**DATA FOR REVIEW:**
________
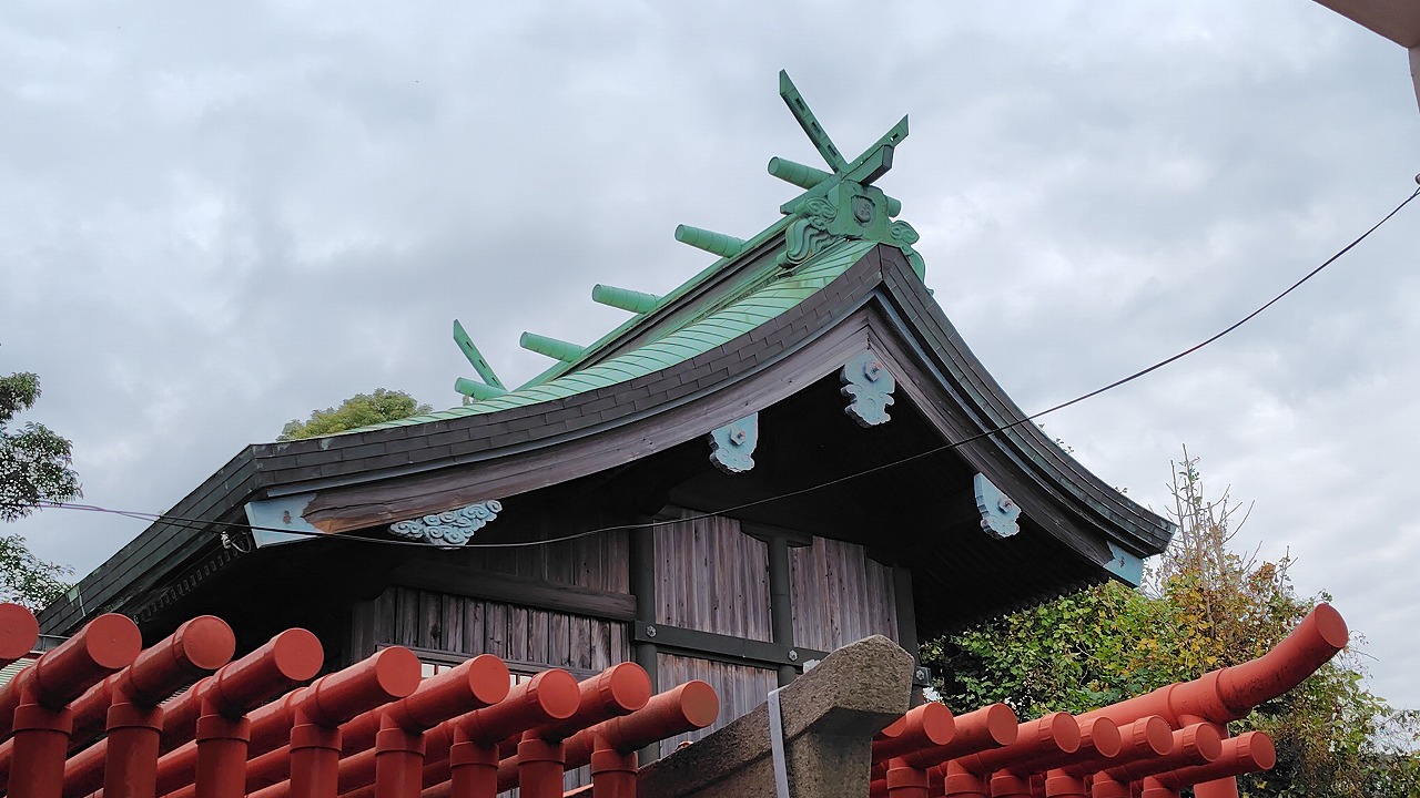 本殿は薄緑色の屋根の流造りでした。
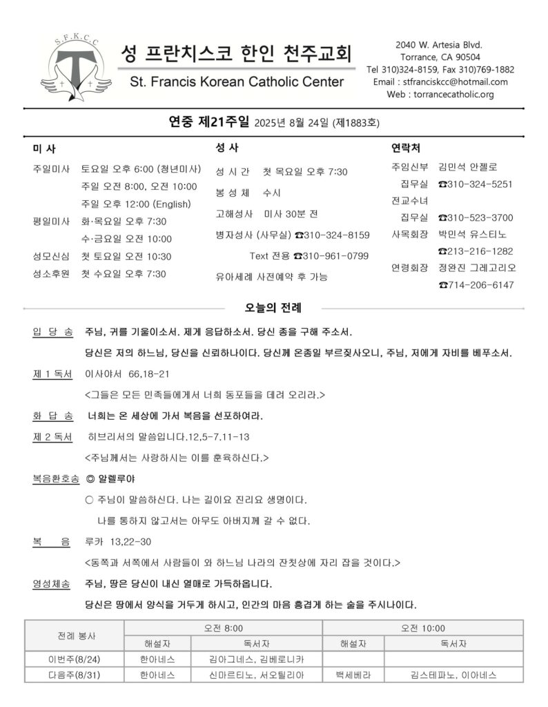 연중 제21주일 / 08.24.2025
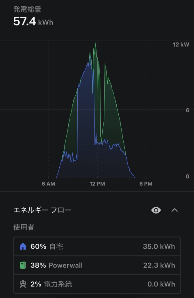 発電グラフは理想的な山形カーブを描き、ピークは正午前後で約11〜12kW。 Powerwall充電とのバランスも良く、日中の発電を無駄なく活用できました。 雲の影響が少なかったことから、太陽光53%・蓄電46%という高効率稼働が実現しています。
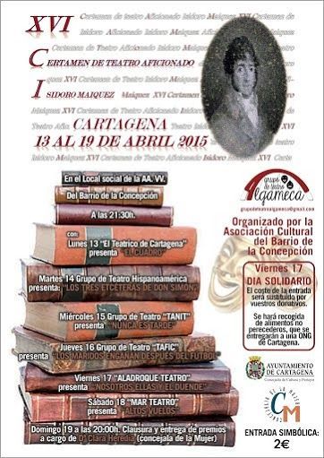 Lunes 13. El Teatrico de Cartagena: EL CUADRO.Martes 14. Grupo de Teatro Hispanoamérica: LOS TRES ECÉTERAS DE DON SIMÃ"N.Miércoles 15. Grupo de Teatro Tanit: NUNCA ES TARDE. Jueves 16. Grupo de Teatro Tafic: LOS MARIDOS ENGAÃ'AN DESPUÉS DEL FÚTBOL. Viernes 17. Aladroque teatro: NOSOTROS ELLAS Y EL DUENDE. Sábado 18. Mar Teatro: ALTOS VUELOS.
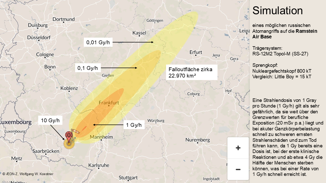 Bei vergleichbarer Bevölkerungsdichte und Infrastruktur wären pro Ziel realistisch mit 80000 bis 150000 Sofort-Toten (Ramstein/Büchel wegen dichter Besiedlung besonders hoch) sowie Zehntausenden von Verletzten zu rechnen. Würden diese drei militärischen Ziele konkret getroffen müssten innerhalb weniger Stunden zwischen 250000 und 400000 Tote beklagt werden. Langfristig dürften weitere zehn bis 20 Prozent der kontaminierten Menschen durch Strahlenfolgen sterben.
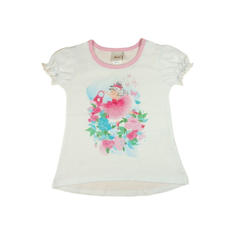 A kislányok stílusát tökéletesen kiegészíti ez a fehér, rövid ujjú lányka póló. A vidám lányos minta biztosan mosolyt csal a hercegnőd arcára, míg a buggyos, elől íves kialakítás gondoskodik a kényelemről és a játék közbeni szabad mozgásról. A póló 100% p
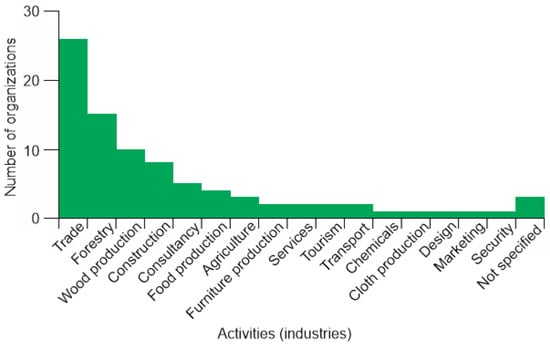 A total of 16 types of activities (industries) are established for the considered firms, which is evidence of their heterogeneity (Figure 3). The most common are trade, forestry, wood production, and construction. Apparently, a little more than half of the activities and the relevant firms are not linked to the usage of Siberian cedar. This is also true for the most common industries indicated above. The distribution of the firms by the industries in the Siberian and non-Siberian regions differs. In the Siberian regions, the main activities of the considered firms are trade, forestry, and wood production. Many of them can be related to the usage of cedar. In the non-Siberian regions, the main activities are trade and construction, and the relevant firms cannot be linked to the usage of cedar. Nonetheless, the industries and the firms unrelated to the usage of cedar are rather numerous in both Siberian and non-Siberian regions.
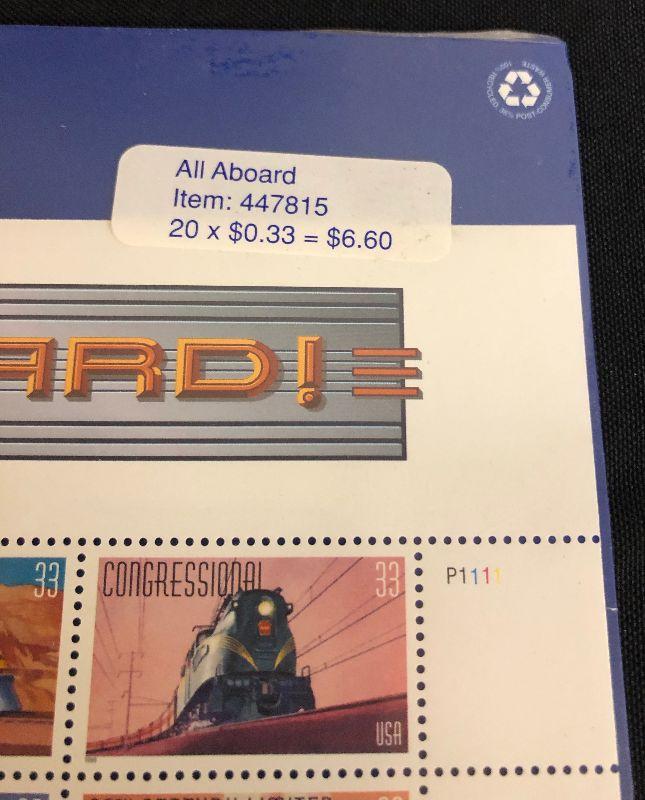 Lot #6 US Postage Stamps All-A-Board Sheet of Train .33
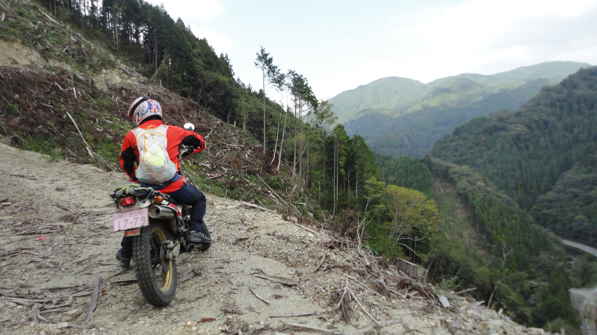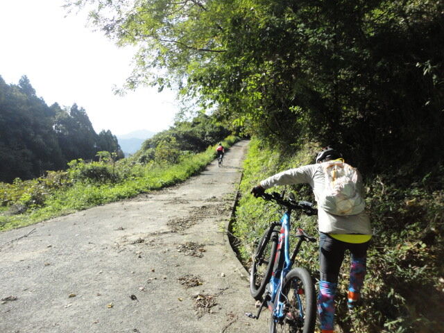荒れた道をラインを選びながらの走行。空気パンパンのラジアルではない固いタイヤなので、タイヤが石の上に乗るとハンドル取られそう。とはいえ、それも、また楽しい。。最後は土砂崩れでした。。残念。引き返し。。
________
**WORK INSTRUCTIONS:** Only one stretch of the entries above is needed: the lines from the one containing "연중 제21주일 / 08.24.2025" through the one containing "Lunes 13. El". Copy it exactly, without the pictures.

**WORKED SOLUTION:**
 연중 제21주일 / 08.24.2025
 発電グラフは理想的な山形カーブを描き、ピークは正午前後で約11〜12kW。 Powerwall充電とのバランスも良く、日中の発電を無駄なく活用できました。 雲の影響が少なかったことから、太陽光53%・蓄電46%という高効率稼働が実現しています。
 Lunes 13. El Teatrico de Cartagena: EL CUADRO.Martes 14. Grupo de Teatro Hispanoamérica: LOS TRES ECÉTERAS DE DON SIMÃ"N.Miércoles 15. Grupo de Teatro Tanit: NUNCA ES TARDE. Jueves 16. Grupo de Teatro Tafic: LOS MARIDOS ENGAÃ'AN DESPUÉS DEL FÚTBOL. Viernes 17. Aladroque teatro: NOSOTROS ELLAS Y EL DUENDE. Sábado 18. Mar Teatro: ALTOS VUELOS.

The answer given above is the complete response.